Optionally, you can specify the following:

  • --node-labels=KEY=VALUE,...: A comma-separated list of Kubernetes labels (key-value pairs) applied to each node in the pool.

  • --node-taints=KEY=VALUE:EFFECT,... A comma-separated list of Kubernetes taints. applied to each node in the pool. Taints are key-value pairs associated with an effect. Taints are used with tolerations for Pod scheduling. Specify one of the following for EFFECT: NoSchedule, PreferNoSchedule, NoExecute.

  • --validate-only Specify this flag if you want to validate the update but not make any changes.

For example:

gcloud beta container bare-metal node-pools create default-pool \
    --cluster=user-cluster-1  \
    --location=us-west1 \
    --node-configs-from-file=node-pool-config.yaml \
    --node-taints=key1=val1:NoSchedule,key2=val2:NoExecute

Remove a node pool

kubectl

You remove node pools with kubectl delete. For example, to remove the node pool added in the preceding section, machine-learning-pool, use the following command:

kubectl delete nodepool machine-learning-pool -n cluster-abm-cluster

Keep in mind that control plane node pools and load balancer node pools are critical to a cluster's function and consequently can't be removed from a cluster.

Console

  1. In the Google Cloud console, go to the Anthos clusters page.

    Go to the Anthos clusters page

  2. Select the Google Cloud project that the user cluster is in.

  3. In the cluster list, click the name of the cluster, and then click More details in the Details panel.

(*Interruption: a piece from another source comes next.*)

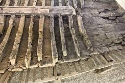 Degni di nota, infine, un segno graffitato su un madiere di prua, recante un XV e un altro numero, il IV, impresso probabilmente a fuoco in una componente del fasciame: due segni grafici d’incerta interpretazione vista la mancanza di relazione con il numero degli elementi lignei di quest’imbarcazione dalla fascinosa storia, che un tempo solcò la placida marina del lacus Timavi, facendo la spola tra le insulae costiere e un contesto abitativo e produttivo connotato da mirabili tratti di contemporaneità.
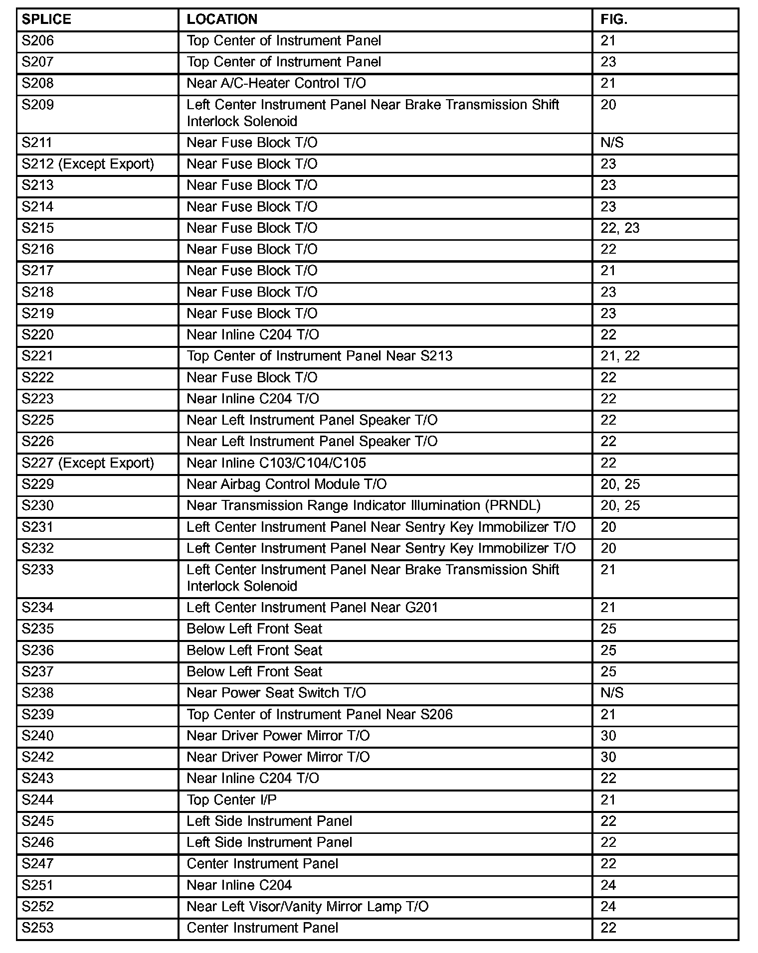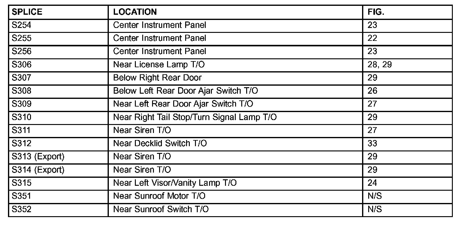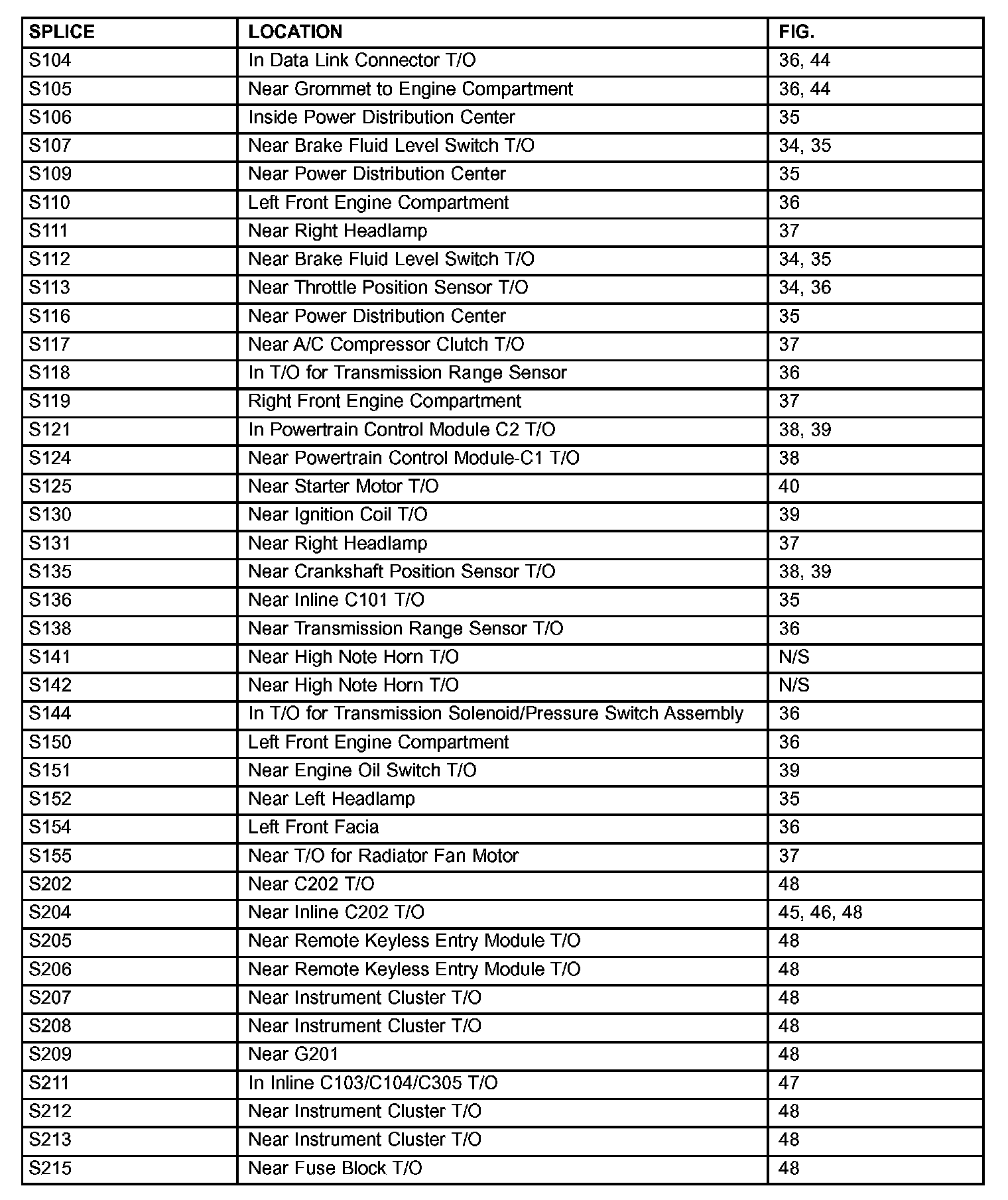 The abbreviation T/O (Take Out) is used in the location column to indicate a point in which the wiring harness branches out to a component.

  4. Click the Nodes tab, and then click the node pool that you want to delete.

  5. Click Delete.

  6. In the confirmation dialog box, enter the name of the node pool and click Confirm.

gcloud CLI

gcloud beta container bare-metal node-pools delete NODE_POOL_NAME  \
  --cluster=USER_CLUSTER_NAME \
  --project=FLEET_HOST_PROJECT_ID \
  --location=LOCATION

Replace the following:

  • NODE_POOL_NAME with the name of the node pool.

  • USER_CLUSTER_NAME: The name of the user cluster that contains the node pools.

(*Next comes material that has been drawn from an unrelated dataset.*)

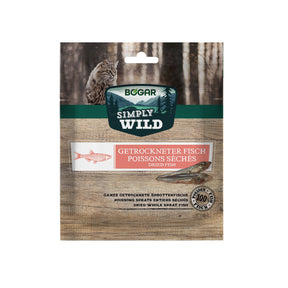 Simply Wild Dried Fish fra Bogar er en enkel og smagfuld snack til katte – lavet af 100% tørret fisk uden nogen former for tilsætningsstoffer. En uimodståelig delikatesse fyldt med protein, omega-3 og smag fra naturen.
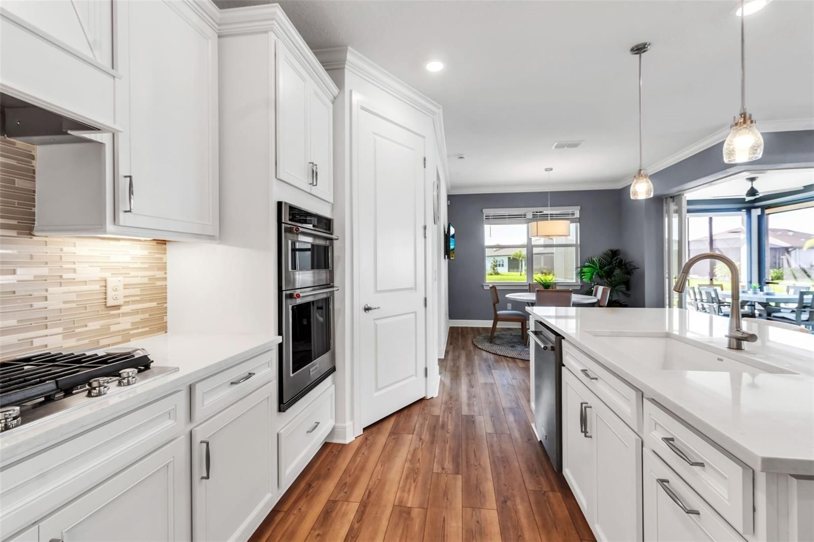 HUGE PRICE REDUCTION!!!! Upgrades Galore in this 3/3 in Parrish!! Welcome to your dream home in the premier 55+ community - Del Webb BayView! This beautifully designed Mystique model offers the upgraded 3 spacious bedrooms, 3 full bathrooms, stone facade, and refined living spaces ideal for both entertaining and everyday comfort. You’ll love the gourmet kitchen with granite countertops, modern cabinetry, and stainless-steel appliances. The main living area features an open-concept that flows seamlessly through the zero corner slider into the enclosed porch. The screened lanai with one-touch automatic "Storm Smart®" hurricane shutters is the perfect space for enjoying Florida evenings and breathtaking pond views. Designer furnishings and luxury finishes throughout make the interior feel second to none (fully furnished sale is optional and negotiable). Del Webb's BayView Community Amenities include, resort-style luxury pool with ample lounging areas, state-of-the-art Pickleball courts, tennis courts and activities for active living, and the Sailfish Restaurant – an exclusive on-site dining experience. Grounds also contain a fitness center, clubhouse, walking trails, and a calendar full of social events. This meticulously maintained home is the perfect blend of luxury, convenience, and low-maintenance living in one of Parrish’s most desirable active adult communities.

  • FLEET_HOST_PROJECT_ID: The ID of the project that the cluster was created in.

  • LOCATION: The Google Cloud location associated with the user cluster.

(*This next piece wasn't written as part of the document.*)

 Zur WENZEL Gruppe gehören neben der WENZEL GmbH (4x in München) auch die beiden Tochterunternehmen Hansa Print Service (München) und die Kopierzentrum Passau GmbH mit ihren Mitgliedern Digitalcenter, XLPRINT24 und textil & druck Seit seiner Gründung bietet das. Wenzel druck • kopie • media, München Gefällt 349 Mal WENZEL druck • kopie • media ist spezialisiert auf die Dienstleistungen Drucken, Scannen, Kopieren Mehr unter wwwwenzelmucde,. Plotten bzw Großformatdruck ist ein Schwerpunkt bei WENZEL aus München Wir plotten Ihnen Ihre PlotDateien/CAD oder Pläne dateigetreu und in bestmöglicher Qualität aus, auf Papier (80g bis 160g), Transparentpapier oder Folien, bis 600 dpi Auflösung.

Removing a worker node pool in a cluster can cause Pod Disruptions. If there is a PodDisruptionBudget (PDB) in place, you may be blocked from removing a node pool. For more information about pod disruption policies, refer to Removing nodes blocked by the Pod Disruption Budget.

What's next

If your workload requirements change after you create node pools, you can update a worker node pool to add or remove nodes. To add or remove nodes from a worker node pool, see Add or remove nodes in a cluster.